Patients need information about DVT, anticoagulation, compression stockings, and the possible complications of these. They also need to be aware of how and when to access help. The diagnosis of DVT may also mean a change in lifestyle and this information should be given verbally and reinforced with written information to increase concordance with treatment (Arthur, 1995).


Recently there has been much media interest in the relationship between flying and DVT.

Long-haul air travellers are often exposed to cramped seating with reduced mobility and may also suffer vein wall damage from compression against the seat edge. Alcohol may cause dehydration, while low cabin oxygen concentrations may also activate the blood clotting system (Shepherd and Edwards, 2004).

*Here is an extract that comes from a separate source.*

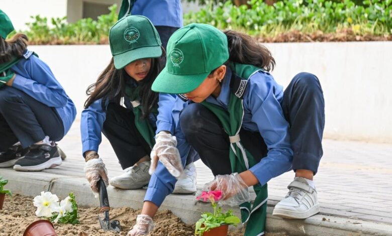 أطفال المدارس يشاركون بلدية الظهران في مبادرة (ازرع جمالا) لزراعة الورود في حديقة الأمانة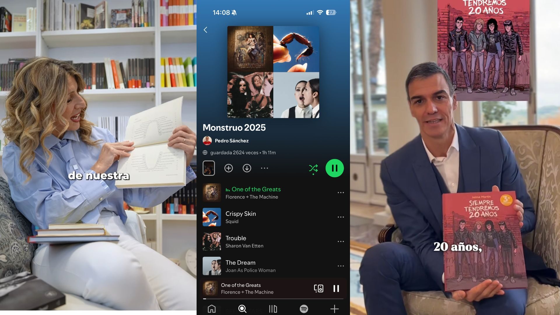 El presidente del Gobierno, Pedro Sánchez, ha compartido públicamente su lista de canciones favoritas de 2025 a través de Spotify. Bajo el título Monstruo 2025, la playlist reúne 18 temas de artistas nacionales e internacionales y tiene una duración aproximada de una hora y once minutos. El propio Sánchez la publicó hace pocos días en redes sociales con el mensaje: "2025 ha sido un gran año, también en la música", explicando que se trata de canciones "que siempre me acompañan".

The risk of DVT can be reduced if travellers take a number of precautions, such as:

  • Walking around as often as possible;
  • Carrying out leg and breathing exercises when seated;
  • Avoiding alcohol, caffeine, and carbonated drinks;
  • Drinking plenty of water;
  • Consulting their GP before flying if at risk of DVT.

It is not only air travellers who are at risk of DVT - travel for more than four hours in any form is associated with an increased risk (Samama, 2000).

The risk to healthy individuals is small but is substantially increased by having additional risk factors (Arya et al, 2002).


DVT can be associated with significant morbidity. Nurses should focus on prevention by the early recognition and adequate prophylaxis of those at increased risk.

Patients should be actively involved in their care wherever possible. An awareness of diagnostic and treatment strategies will enable nurses to inform patients.

This will help to improve both concordance with treatment and disease outcome.

In the outpatient setting this information can be imparted gradually and reinforced on each clinic visit. The nurse can observe and assess how the patient is managing her or his treatment and adapting to lifestyle changes, leading to an improved quality of life.

© Linda Bonner, RGN, DipHE. (2004) Nursing Times 100: 29, 38-42.